Visibility Timeout: The Most Misunderstood Setting
When you call ReceiveMessage, SQS makes each returned message invisible to other consumers for the visibility timeout duration. If you do not delete the message before the timeout expires, SQS assumes the consumer failed and makes the message visible again for another consumer to process.
The mistake I made was simple: my processing time was ~45 seconds but I had left the visibility timeout at the default 30 seconds. Messages were being processed twice — the first consumer was still working when the message became visible again and another consumer picked it up. The first consumer then successfully deleted the message, but the second had already started (and sometimes finished) processing it.
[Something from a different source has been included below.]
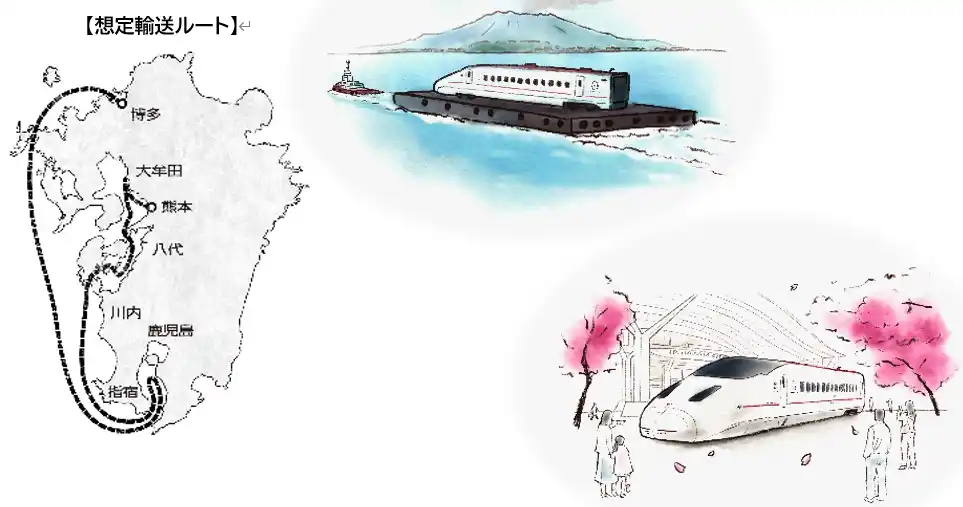 2026 年 3 月 28 日(土)の深夜から 3 月 29 日(日)の早朝にかけて、熊本総合車両所から熊本新港に 向けて「つばめ」の陸上輸送を行います。 |

The rule of thumb: set visibility timeout to 6× your median processing time. For a service that takes 10 seconds to process a message, use 60 seconds. This gives you headroom for slow days and network latency.
// Configure queue with appropriate visibility timeout
_, err = sqsClient.SetQueueAttributes(ctx, &sqs.SetQueueAttributesInput{
QueueUrl: &queueURL,
Attributes: map[string]string{
"VisibilityTimeout": "120", // 2 minutes for a ~20s consumer
},
})
Extending Visibility Timeout for Long-Running Messages
For variable-length processing — where most messages take 5 seconds but some take 3 minutes — a fixed visibility timeout will either be too short (causing duplicates) or wasteful. The solution: extend the timeout dynamically while processing:
func (c *Consumer) processWithExtension(ctx context.Context, msg sqstypes.Message) error {
// Extend visibility every 20s for a 30s initial timeout
ticker := time.NewTicker(20 * time.Second)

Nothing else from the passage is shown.